§ **EXERCISE DESCRIPTION**:
The answer must be an exact copy of the lines from the one with "the village layout." to the last line of the entries below, both included, and must contain no pictures.

[Source data]
################

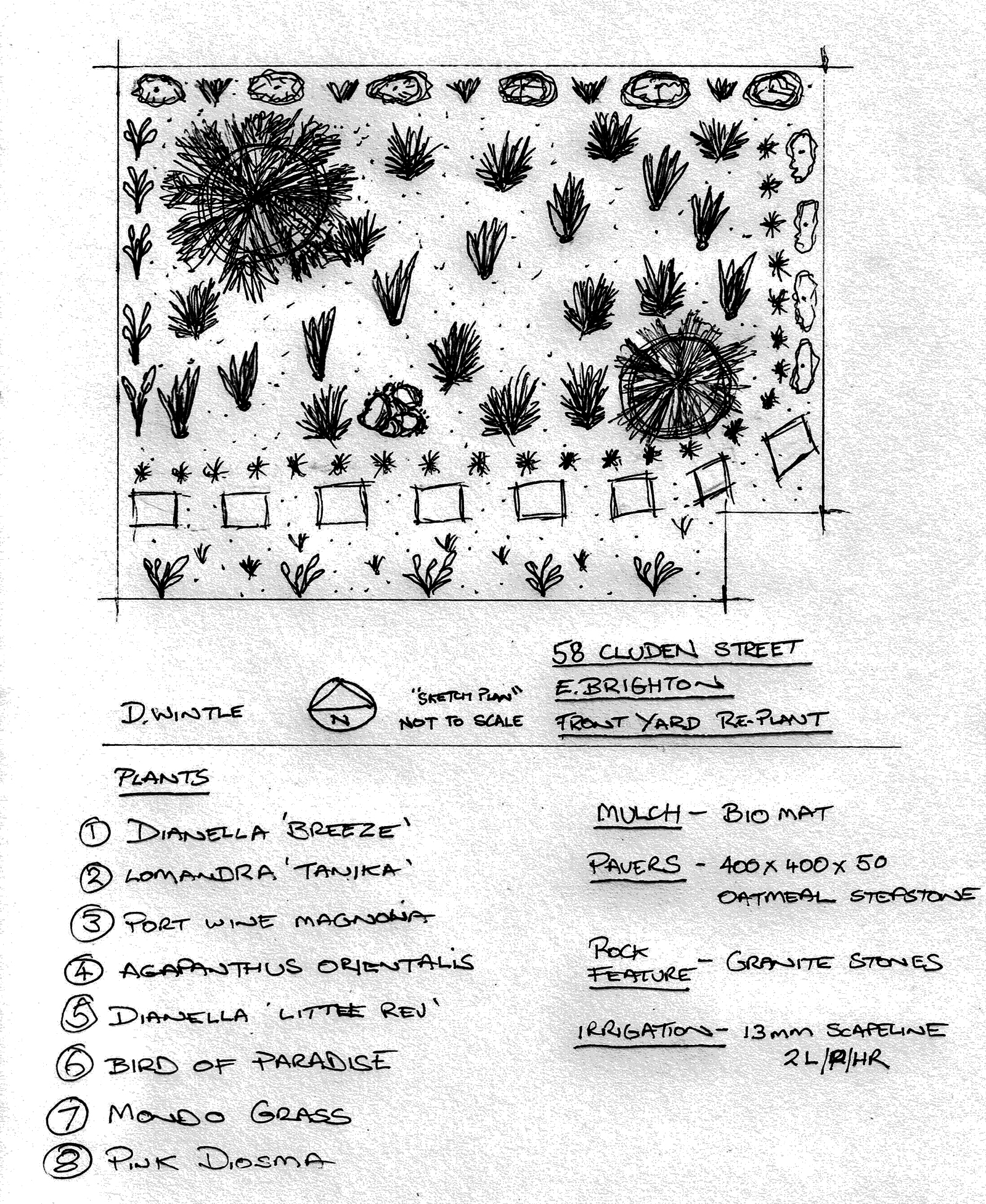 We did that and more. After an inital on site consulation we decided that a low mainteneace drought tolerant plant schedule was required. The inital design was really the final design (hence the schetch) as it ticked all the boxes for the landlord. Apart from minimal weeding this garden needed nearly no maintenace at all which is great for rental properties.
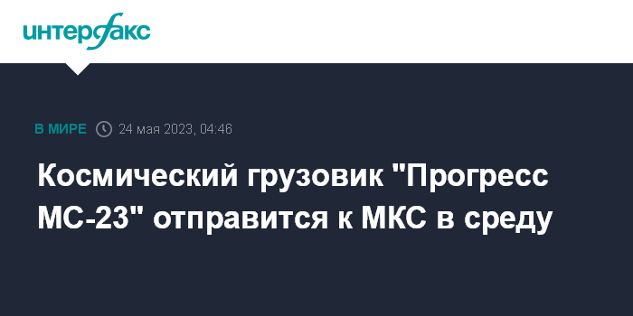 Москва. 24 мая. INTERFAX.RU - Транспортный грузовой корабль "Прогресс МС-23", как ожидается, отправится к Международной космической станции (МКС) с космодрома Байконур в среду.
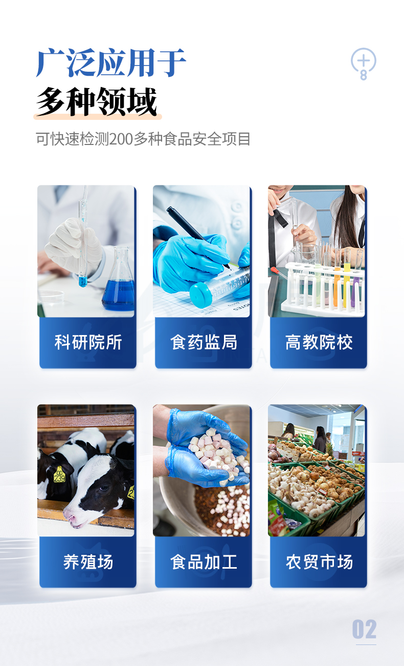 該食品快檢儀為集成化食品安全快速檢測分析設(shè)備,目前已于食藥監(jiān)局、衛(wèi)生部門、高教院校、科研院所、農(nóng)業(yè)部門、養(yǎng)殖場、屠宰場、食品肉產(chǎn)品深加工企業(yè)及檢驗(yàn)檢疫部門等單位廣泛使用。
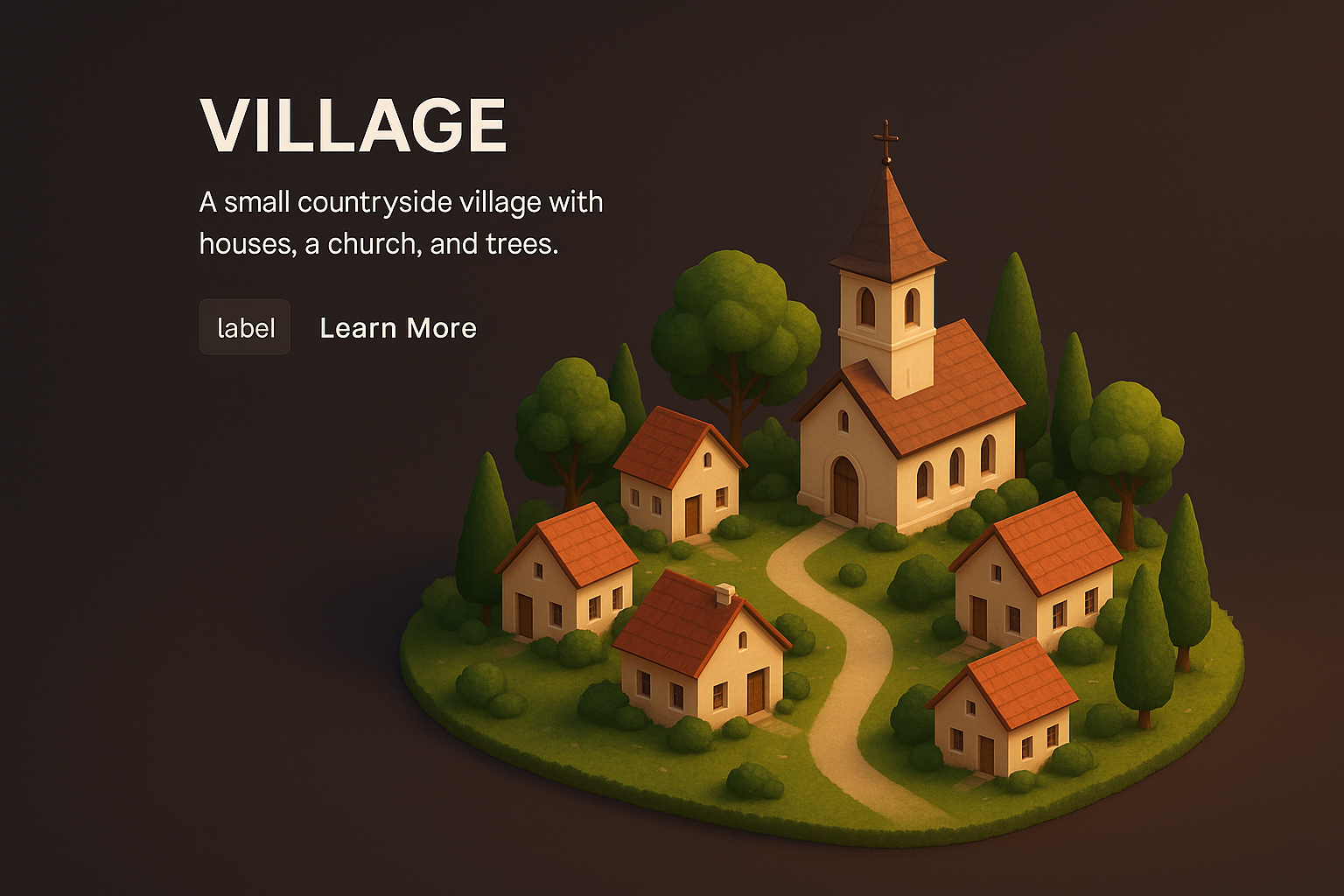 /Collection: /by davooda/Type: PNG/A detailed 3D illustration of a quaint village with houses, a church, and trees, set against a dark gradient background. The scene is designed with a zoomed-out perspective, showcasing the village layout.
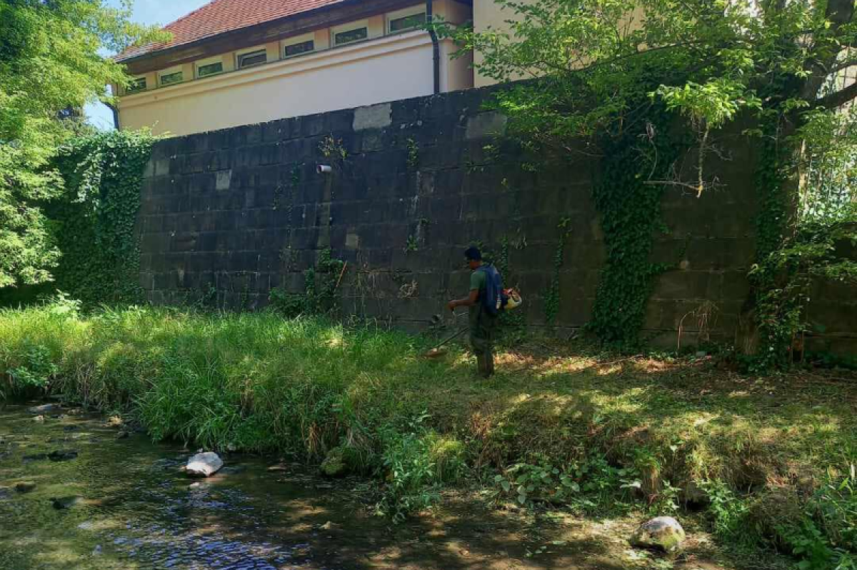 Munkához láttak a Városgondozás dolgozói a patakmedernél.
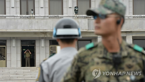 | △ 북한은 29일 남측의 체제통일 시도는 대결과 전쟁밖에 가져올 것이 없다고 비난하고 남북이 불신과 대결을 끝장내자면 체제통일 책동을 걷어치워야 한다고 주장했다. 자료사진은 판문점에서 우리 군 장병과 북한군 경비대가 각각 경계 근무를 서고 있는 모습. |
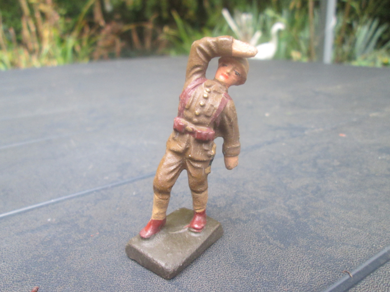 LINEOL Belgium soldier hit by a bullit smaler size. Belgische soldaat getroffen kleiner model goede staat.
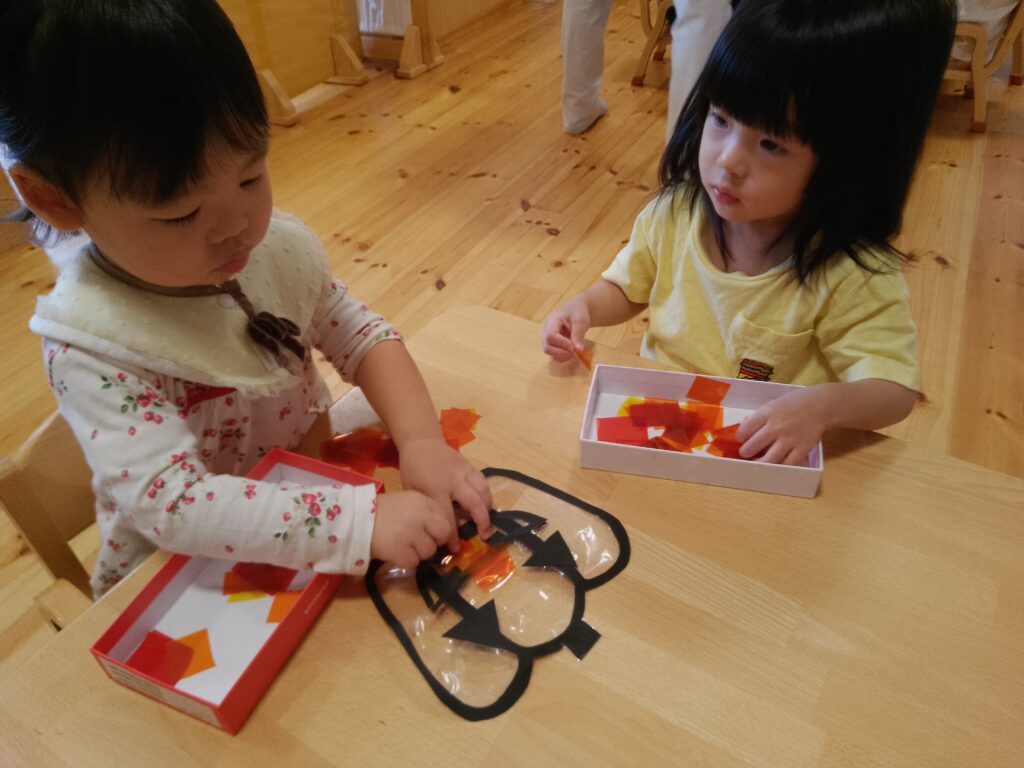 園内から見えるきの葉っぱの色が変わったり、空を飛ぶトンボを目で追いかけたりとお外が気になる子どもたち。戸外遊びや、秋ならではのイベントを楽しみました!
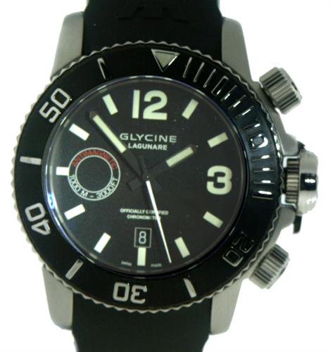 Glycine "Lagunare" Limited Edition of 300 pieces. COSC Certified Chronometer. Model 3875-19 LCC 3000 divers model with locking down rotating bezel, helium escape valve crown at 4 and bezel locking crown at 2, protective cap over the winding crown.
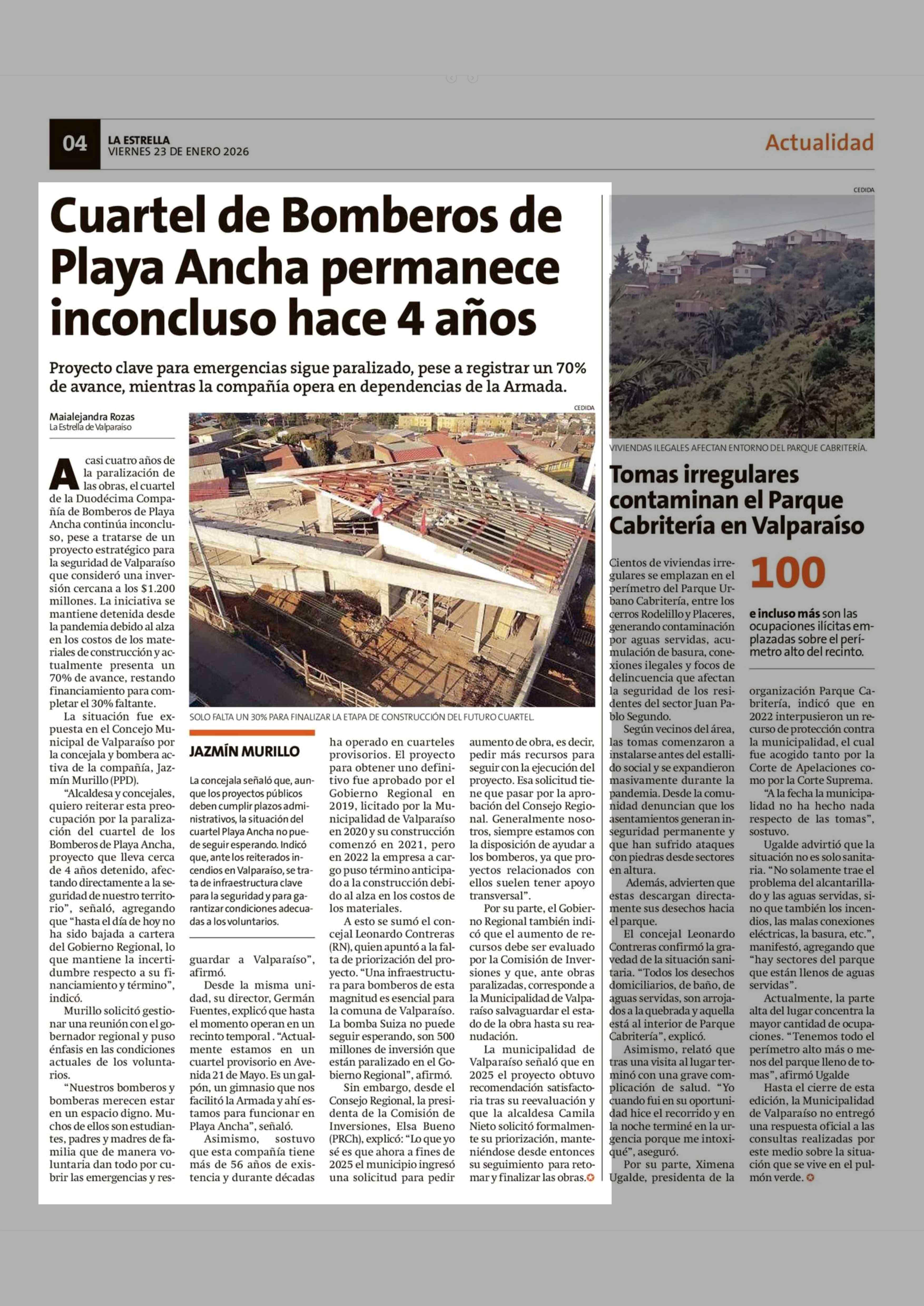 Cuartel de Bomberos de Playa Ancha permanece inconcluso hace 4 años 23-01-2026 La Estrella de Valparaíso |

################

§ **RESULT OF THE TASK**:
 /Collection: /by davooda/Type: PNG/A detailed 3D illustration of a quaint village with houses, a church, and trees, set against a dark gradient background. The scene is designed with a zoomed-out perspective, showcasing the village layout.
 Munkához láttak a Városgondozás dolgozói a patakmedernél.
 | △ 북한은 29일 남측의 체제통일 시도는 대결과 전쟁밖에 가져올 것이 없다고 비난하고 남북이 불신과 대결을 끝장내자면 체제통일 책동을 걷어치워야 한다고 주장했다. 자료사진은 판문점에서 우리 군 장병과 북한군 경비대가 각각 경계 근무를 서고 있는 모습. |
 LINEOL Belgium soldier hit by a bullit smaler size. Belgische soldaat getroffen kleiner model goede staat.
 園内から見えるきの葉っぱの色が変わったり、空を飛ぶトンボを目で追いかけたりとお外が気になる子どもたち。戸外遊びや、秋ならではのイベントを楽しみました!
 Glycine "Lagunare" Limited Edition of 300 pieces. COSC Certified Chronometer. Model 3875-19 LCC 3000 divers model with locking down rotating bezel, helium escape valve crown at 4 and bezel locking crown at 2, protective cap over the winding crown.
 Cuartel de Bomberos de Playa Ancha permanece inconcluso hace 4 años 23-01-2026 La Estrella de Valparaíso |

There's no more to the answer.